Practical collaboration, like co-designing consensus guidelines for the delivery of gene therapy, clinical trials, and comparing advocacy priorities around funding and access and aligning where we can, shortens the path from discovery to treatment. At the Muscular Dystrophy Association, our role is to convene these stakeholders and ensure our community's priorities guide the work, from advancing therapies to protecting NIH funding, expanding caregiver support, and strengthening protections for mobility equipment. Partnerships rooted in advocacy, science, and lived experience are how we make the next wave of breakthroughs possible.

Q4. What message would you most like to share with the community during Muscular Dystrophy Awareness Month?
Paul: Your story matters, and your action matters just as much. #MDAstrong is about celebrating all forms of strength, but it’s also about channeling that strength into action. Whether you’re raising funds, sharing your story publicly, or advocating with lawmakers, you’re helping power research, care, and policy change that impacts millions.

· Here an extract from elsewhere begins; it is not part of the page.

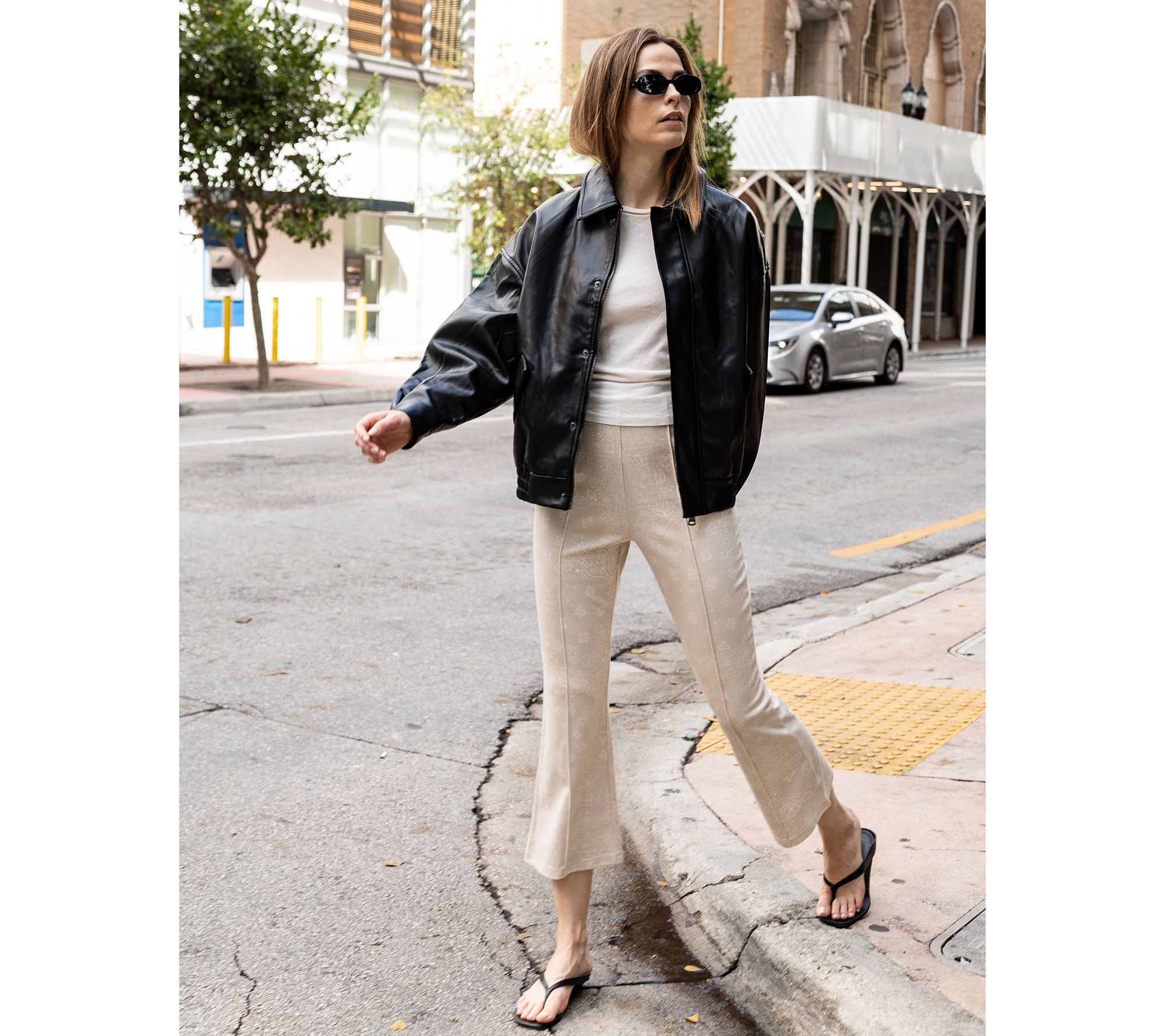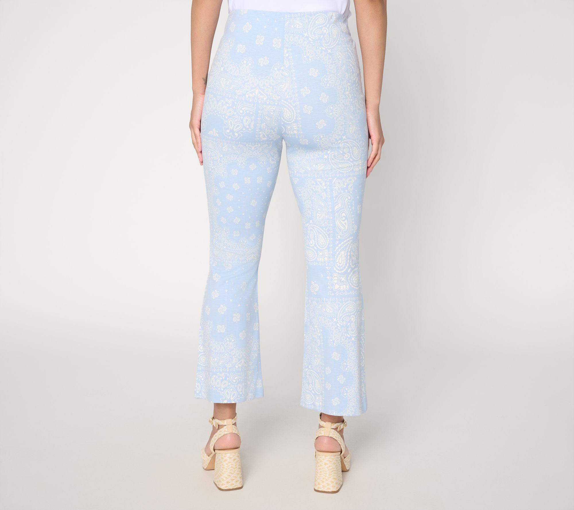 Designed to sweeten social engagements or add a lively twist to daily routines, these printed pull-on crop pants deliver flair and figure-flattering comfort. The Hollywood waistband and front pintucks create a smooth, tailored effect, while the flared leg and stretchy-smooth fabric make moving through your day a breeze. From Peace Love World.

This September, as we celebrate MDA’s 75-year legacy of progress, we’re also mobilizing to protect that progress. Proposed cuts to NIH funding put discovery at risk, and that means putting lives at risk. That’s why I’m asking everyone in our community to join us in advocacy. Visit MDA.org/Advocacy, share how NIH research has impacted your family, and tell Congress to keep NIH strong. Together, we can protect research, strengthen caregiver support, and ensure families have access to the equipment and services they need. Every voice matters, and when we advocate together, we are unstoppable. Stay tuned for MDA on the Hill in early November!
How you can help - today
- Share verified information from MDA and clinical centers; amplify patient and caregiver voices responsibly.
- Support research by connecting scientists to open resources
- Encourage evaluation when symptoms arise; normalize genetic testing and referrals to neuromuscular specialists.
- Sustain the signal past awareness months - advocacy, volunteering, fundraising, and informed conversations matter year-round.
Awareness is the first step that makes every other step possible.
To patients, families, clinicians, researchers, and advocates: thank you.
We’re proud to stand with you - and to keep building the evidence and tools that move care forward.